■ **Source data**

┌──

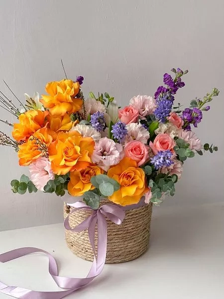 Flower bouquet "Orange sunset" with hyacinth, lisianthus and rose
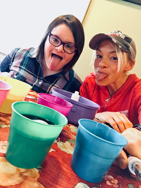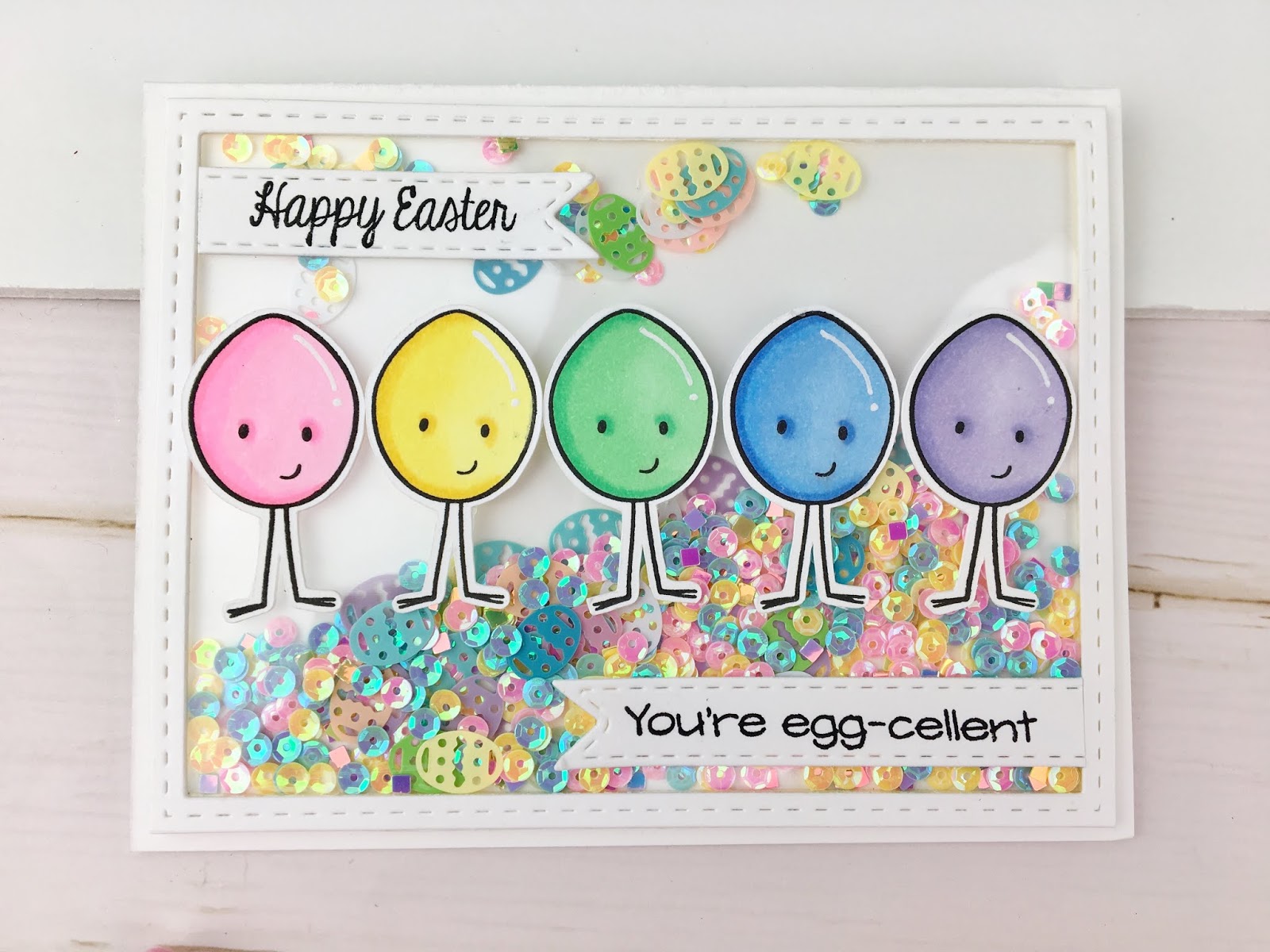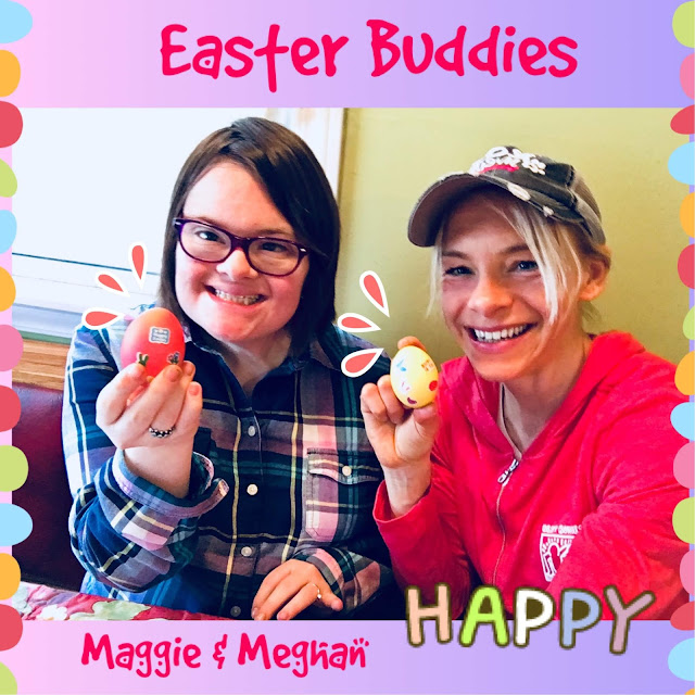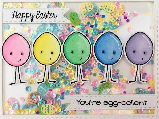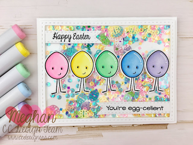 I am sharing a SUPER fun SHAKER with you for Easter! I know it's still a month away but these DARLING EGGS from C.C Designs NEW stamp set February & March are just too fun not to get on a card right away! I colored them up to match my pastel rainbow of sequins and framed them in white so they just pop. I also included some pictures of me and my Best Buddy from Best Buddies International (great group to get involved with), Maggie coloring eggs!
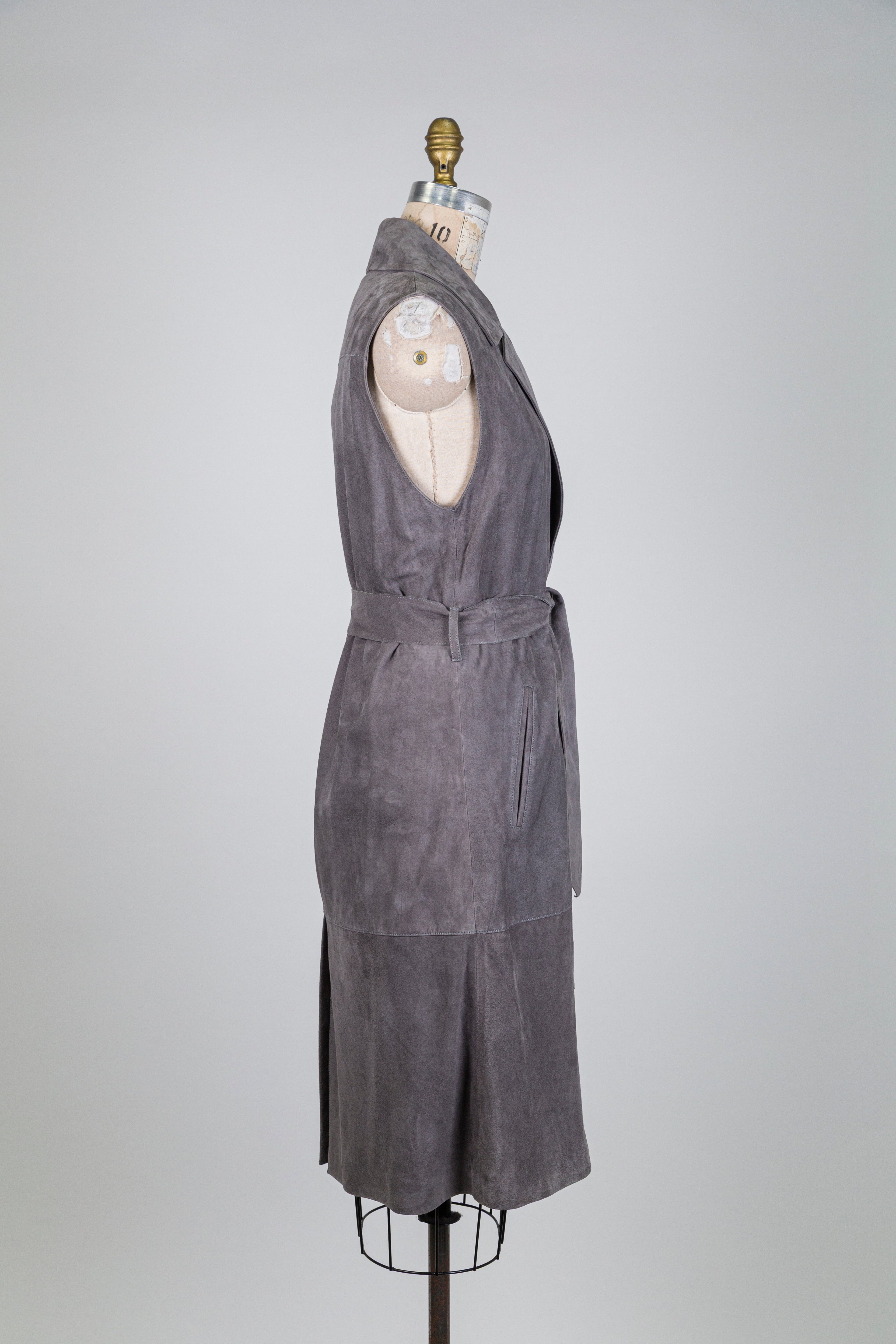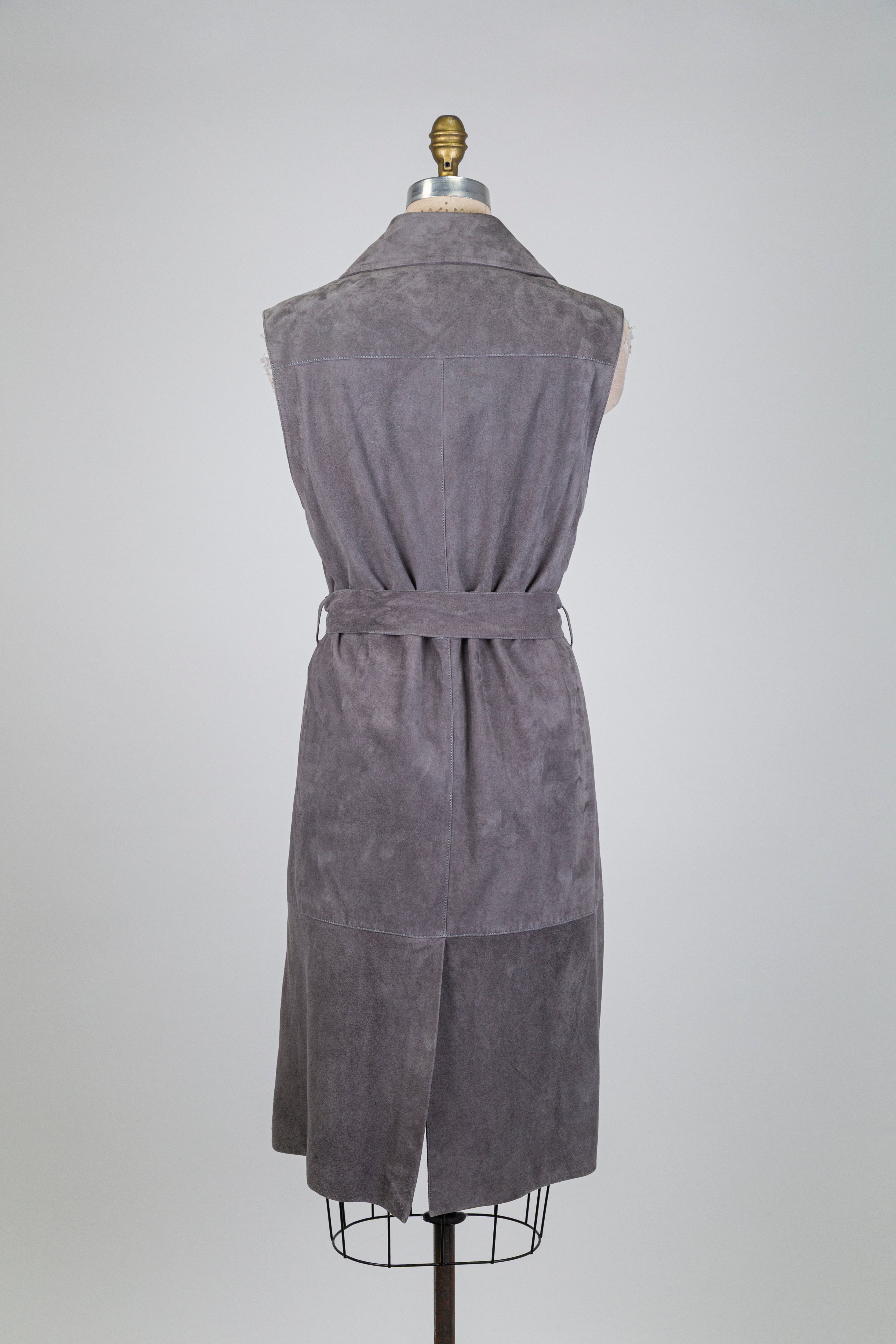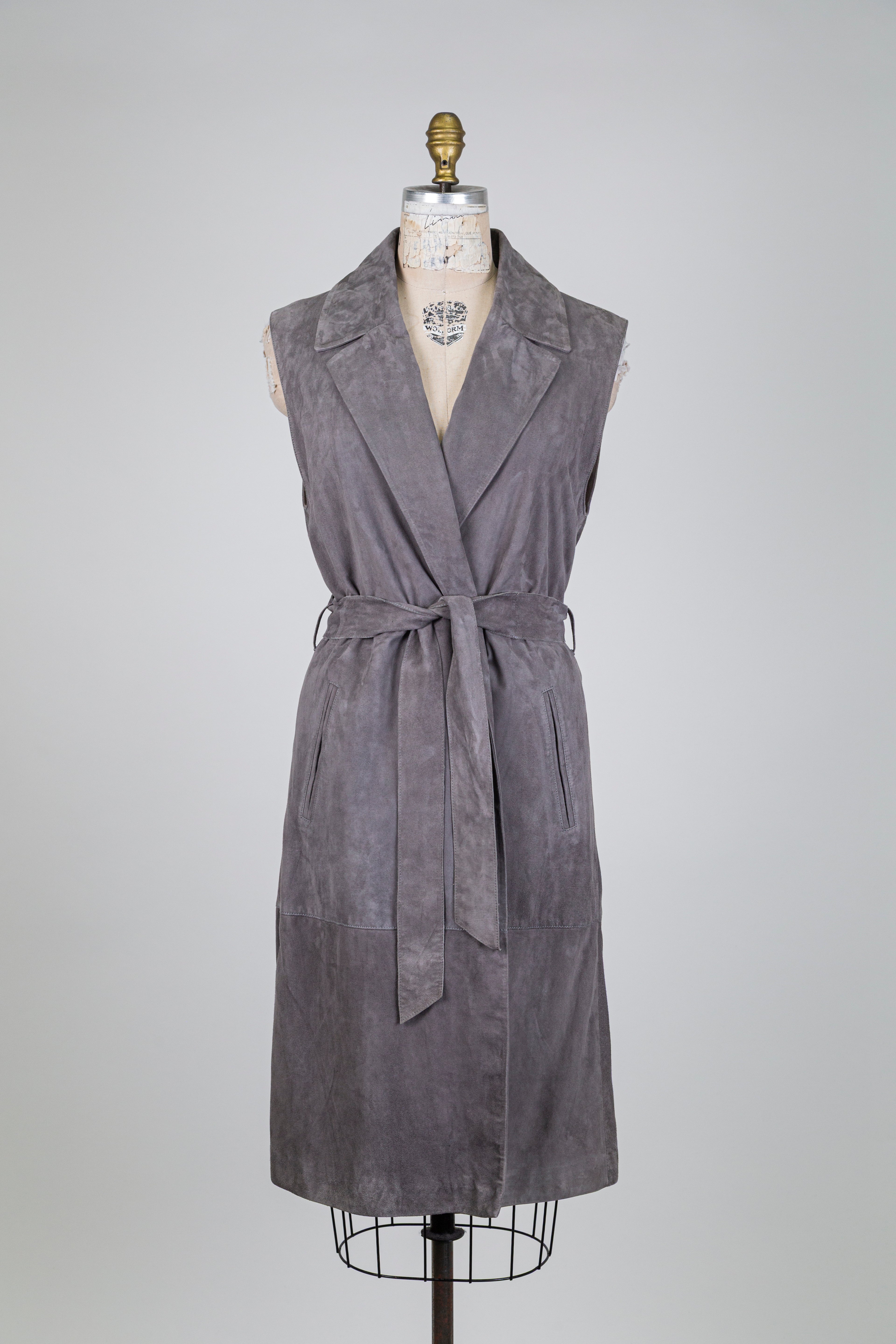 Blazer sans manches en suède gris, une pièce chic et moderne qui apporte structure et élégance à vos tenues. Facile à agencer, il complète parfaitement une garde-robe du quotidien.

└──

■ **Exercise description**
Copy out the data above exactly, except the pictures.

■ **Output for this task**
 Flower bouquet "Orange sunset" with hyacinth, lisianthus and rose
 I am sharing a SUPER fun SHAKER with you for Easter! I know it's still a month away but these DARLING EGGS from C.C Designs NEW stamp set February & March are just too fun not to get on a card right away! I colored them up to match my pastel rainbow of sequins and framed them in white so they just pop. I also included some pictures of me and my Best Buddy from Best Buddies International (great group to get involved with), Maggie coloring eggs!
 Blazer sans manches en suède gris, une pièce chic et moderne qui apporte structure et élégance à vos tenues. Facile à agencer, il complète parfaitement une garde-robe du quotidien.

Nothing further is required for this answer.